Nano
- Discipline: Nanotechnology
- Language: English
- Edited by: R. Jayavel, Lars Samuelson, Xiao Wang, Renshaw

Publication details
- History: 2006-present
- Publisher: World Scientific
- Frequency: Monthly
- Impact factor: 1.1 (2024)

Standard abbreviations
- ISO 4: Nano

Indexing
- ISSN: 1793-2920 (print) 1793-7094 (web)
- LCCN: 2007243281
- OCLC no.: 73113261

Links
- Journal homepage; Online access; Online archive;

= Nano (journal) =

Nano is an international, peer-reviewed scientific journal published by World Scientific that covers recent developments and discussions in the field of nanoscience and technology. Topics include nanomaterials, characterization tools, fabrication methods, numerical simulation, and theory.

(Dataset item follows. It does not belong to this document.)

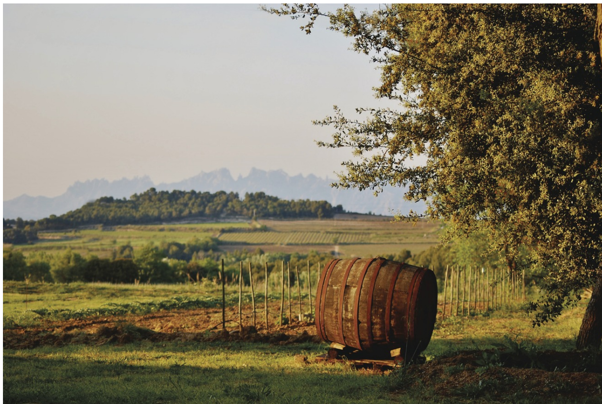
Avinyonet de Penedès

Established in 2006, the journal was initially published bimonthly, increased to eight issues per year in 2014, and became a monthly publication in 2016. According to the Journal Citation Reports, the journal had a 2024 impact factor of 1.1.

== Abstracting and indexing ==
The journal is abstracted and indexed in the Science Citation Index Expanded, ISI Alerting Services, Materials Science Citation Index, Current Contents/Physical, Chemical & Earth Sciences, and Inspec.